═══ INPUT MATERIAL ═══

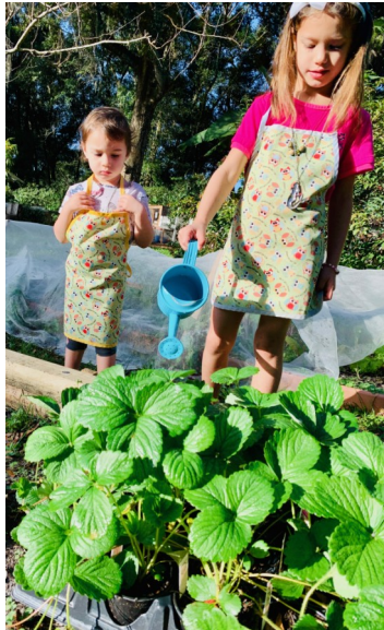
Students helping to care for the new strawberry plants.
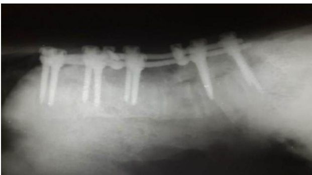
Figure 2: The thoraco-lumbar vertebral column lateral.

Authors induced general anaesthesia with propofol 3 mg/kg and rocuronium 0.6 mg/kg, but neither the introducer tool nor a finger sweep technique was successful in placing laryngoscopy. Due to bleeding in the mouth, anatomical structures couldn't be viewed with fiberoptic bronchoscope. It was unsuccessful. His venous blood gases parameters were pO 2 : 35 mmHg, pCO 2 : 41.9 mmHg, pH: 7.30, haemoglobin: 9.8 g/dL, haematocrit:
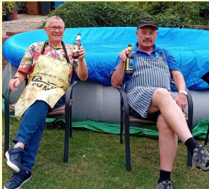
A welcome break for our two chefs
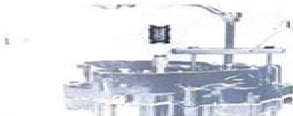
1. Crankcase separating tool

Tighten the securing bolts on the crankcase separating tool, but make sure the tool body is parallel with the case. If necessary, one screw may be backed out slightly to level tool body.
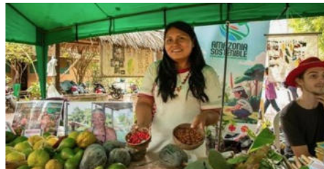
Peru: Nearly two decades of work in the Amazon rainforest has created a healthy agricultural marketplace, local & global, that is protecting both the indigenous people and the land where they live.

Our commitment is unwavering: to create a world where economic progress does not come at the cost of human dignity and a healthy environment.
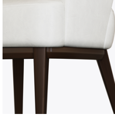
Contoured Seat Rails

Kwalu's solid surface (1/8" thick) proprietary finish doesn't have any of the drawbacks of wood. The frames are moisture impervious, graffiti-resistant, easy to clean and maintenance-free.
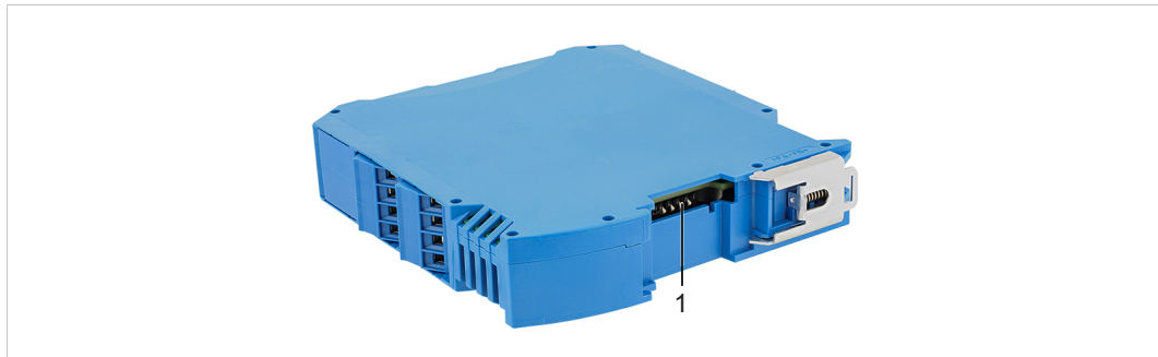
Fig. 1 DIP switches

To operate the CAN repeater no software installation is required. The CAN repeater is configured via DIP switches (1).
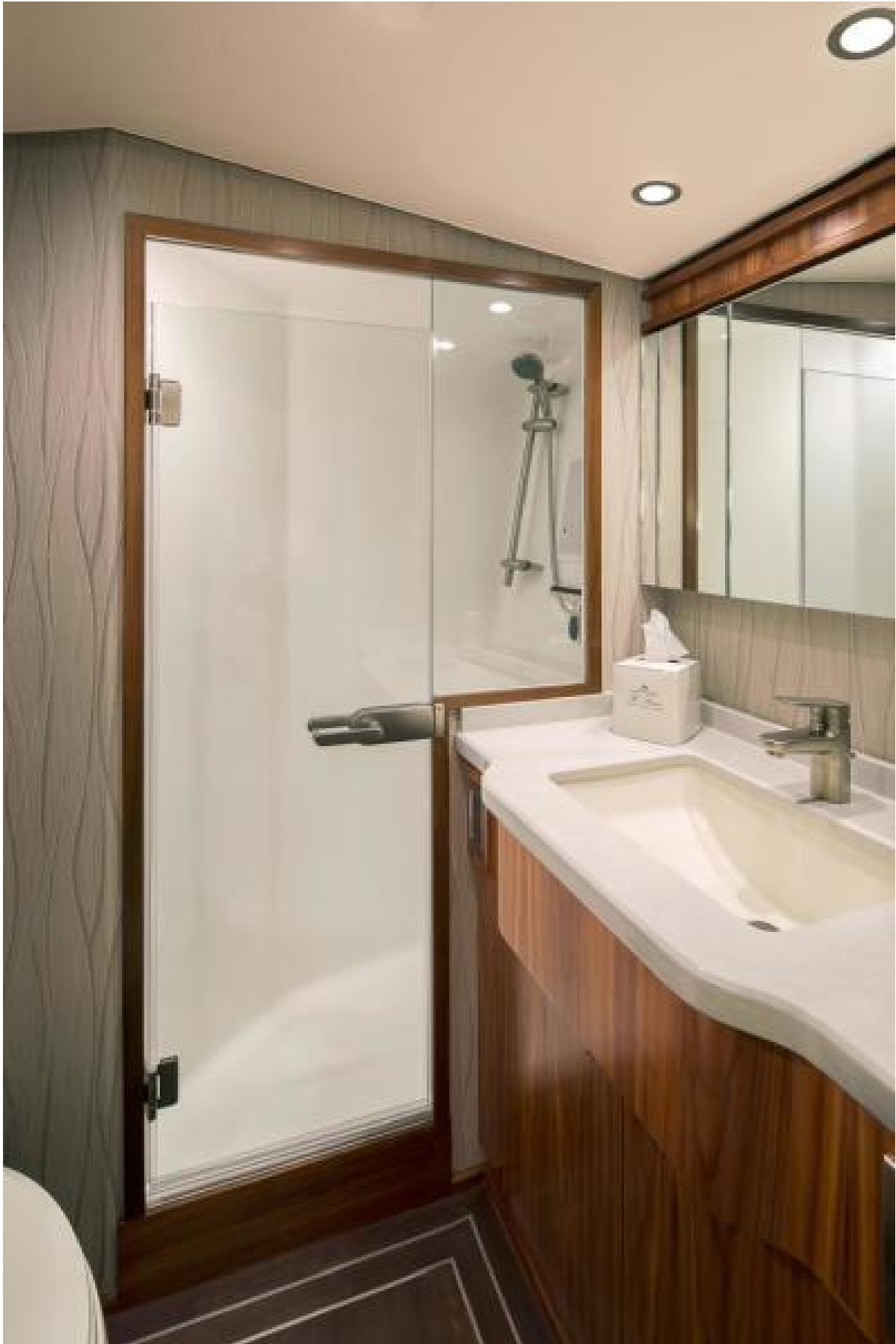
Viking 68 - VIP Head 2022 Viking 68 Convertible (sistership)
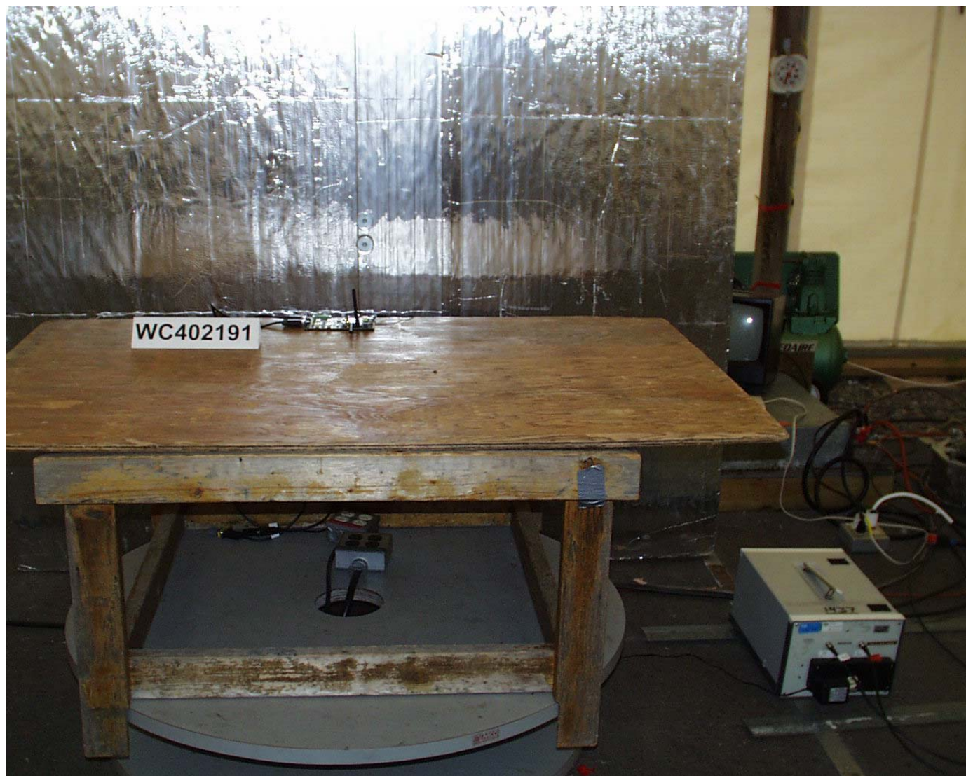
Test-setup photo(s): Conducted emission 150 kHz - 30 MHz
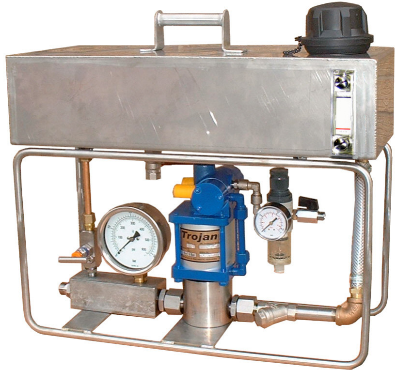
(Shown with optional Reservoir and Carrying Handle.)

Whether intended to be used as a mobile unit or installed in a permanent position the Portable Power Pack has been developed to provide a ready to use pressure testing rig.
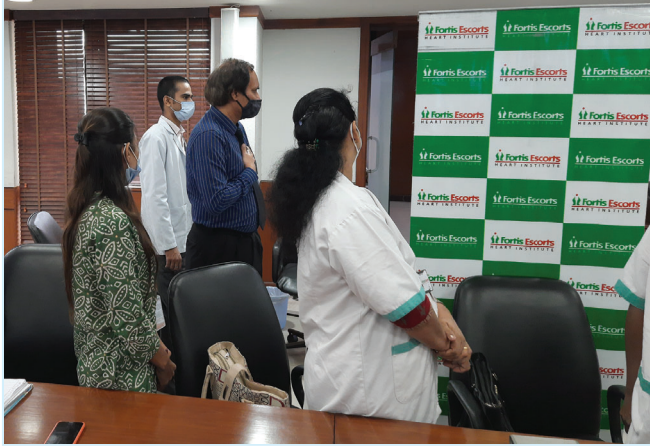
HEALTH CHECK-UP CAMP
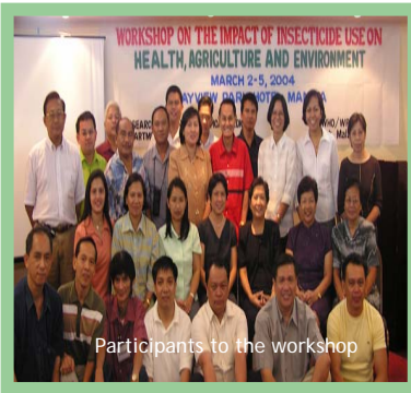
Participants to the workshop

insecticides in the country. The workshop started with the presentation of FPA mandates and regulatory procedure (National, Provincial and municipal level) and the current and future insecticide needs in Agriculture (Dept. of Agriculture) and in Public Health (Department of Health). Insecticide Environmental Concerns from Department of Environment and Natural Resources and Insecticide Poisoning from the Poison Control Department was also tackled. Capability could be strengthened with the knowledge of existing regulatory mechanisms.

═══

WHAT TO DO: Where a line of the listing includes the word "switches", it counts; say how many such lines there are and nothing more.

RESPONSE: 2